For comparison, the country now has about 1.1 GW of distributed wind capacity.
Distributed wind can directly offset individual consumers’ power usage in behind-the-metre applications, or it could be connected to the distribution network to power communities. Systems can be between 1 kW and 10 MW large.
DOE said these installations can both help communities move to clean electricity and relieve the country’s constrained grid.
“By realising this potential, we can help local communities drive their own paths to a clean energy future and support national progress toward our climate goals,” said Principal Deputy Assistant Secretary for Energy Efficiency and Renewable Energy Kelly Speakes-Backman.
A combination of strong winds and high retail electricity rates makes states in the Midwest and Heartland regions most attractive for distributed turbines, while the Pacific and Northeast regions also present significant potential for “behind-the-metre” installations.

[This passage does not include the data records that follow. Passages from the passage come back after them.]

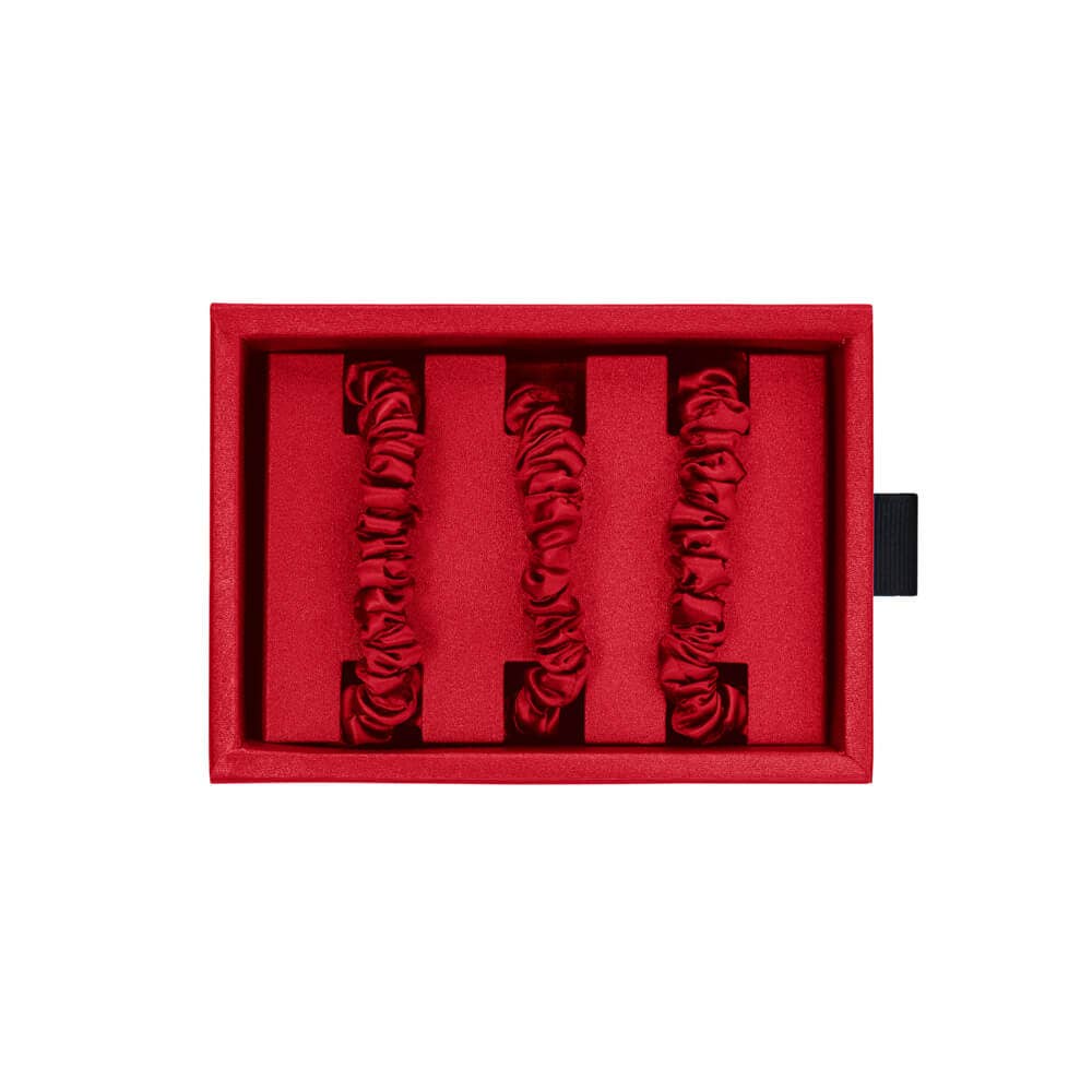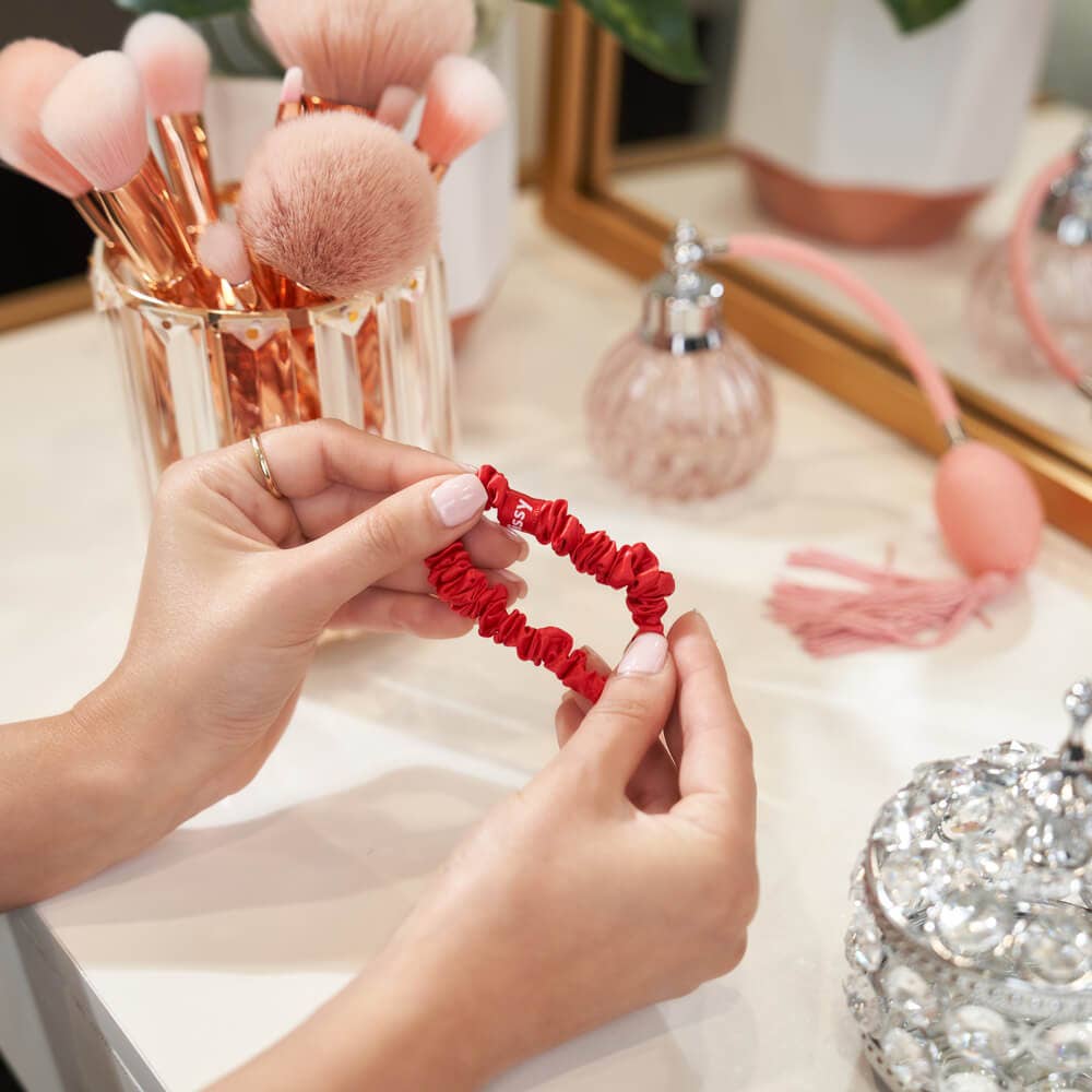 For a delightful pop of color, a red silk skinny scrunchie is just the perfect choice! This eye-catching hair accessory is as bold and beautiful as you are. Blissy Silk Skinny Scrunchies are the safest way to style and care for your hair. Featuring the same 100% mulberry silk we use for our signature pillowcases, Blissy Skinny Scrunchies are made from the finest material in the world. Slimmer than our regular scrunchies, skinnies work for a variety of hairstyles and serve as a stylish replacement for elastic bands. Unlike other scrunchies, Blissy Skinny Scrunchies will not cause creases, dents, snagging, or breakage to your hair. The natural silk fibers in these scrunchies nourish and hydrate your locks, keeping them bouncy and beautiful.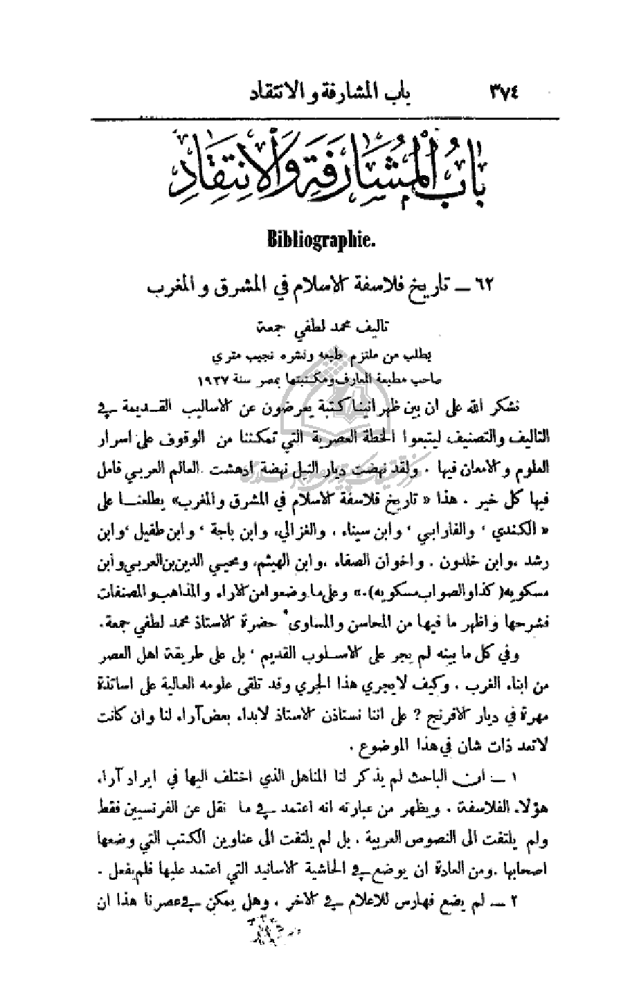 نشكر الله على أن بين ظهرانينا كتبة يعرضون عن الأساليب القديمة في التأليف والتصنيف ليتبعوا الخطة العصرية التي تمكننا من الوقوف على أسرار العلوم والإمعان فيها. ولقد نهضت ديار النيل نهضة أدهشت العالم العربي فأمل فيها كل خير، هذا (تأريخ فلاسفة الإسلام في المشرق والمغرب) يطلعنا على (الكندي، والفارابي، وابن سيناء، والغزالي، وابن باجة، وابن طفيل، وابن رشد، وابن خلدون، وأخوان الصفاء، وابن الهيثم، ومحي الدين بن العربي وابن مسكويه (كذا والصواب مسكويه).) وعلى ما وضعوا من الآراء والمذاهب والمصنفات فشرحها وأظهر ما فيها من المحاسن والمساوئ حضرة الأستاذ محمد لطفي جمعة.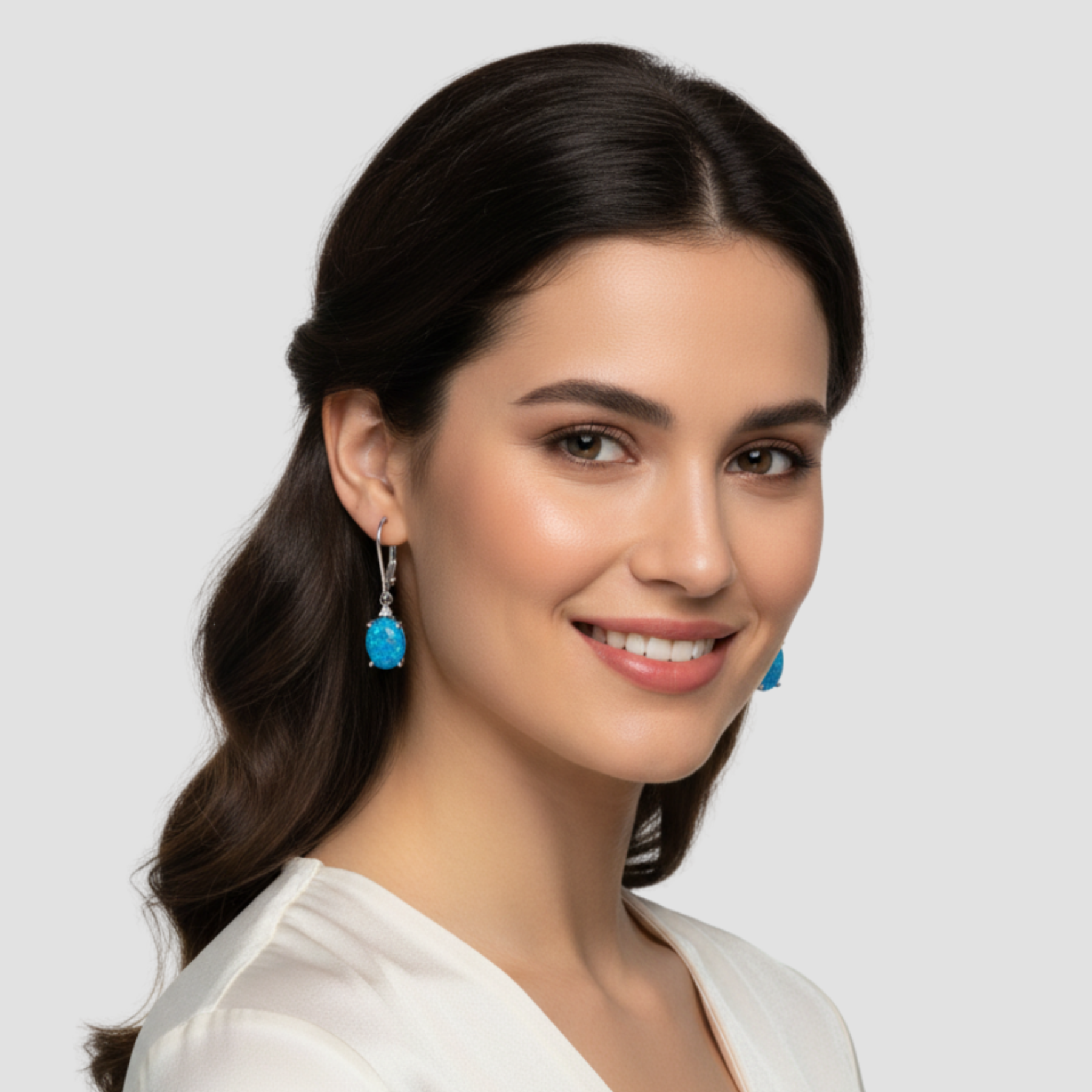 Aurelise de Ópalo Colgante en Plata S925. Con un deslumbrante ópalo tallado en forma redonda que brilla con tonos azules vibrantes, estos pendientes añaden un destello refinado a cualquier estilo. Elaborados en plata de ley de alta calidad, ofrecen belleza atemporal y una sofisticación sin esfuerzo—ideales tanto para el uso diario como para ocasiones especiales.

According to the Distributed Wind Energy Futures Study, policies are key to the economics of distributed wind. It says that if current tax credits and net-metering policies expire as scheduled, economic potential could decline between 2022 and 2035. If these measures were extended and expanded in a strategic manner, the potential could increase by more than 80% for behind-the-metre uses and by 800% for front-of-the-metre facilities.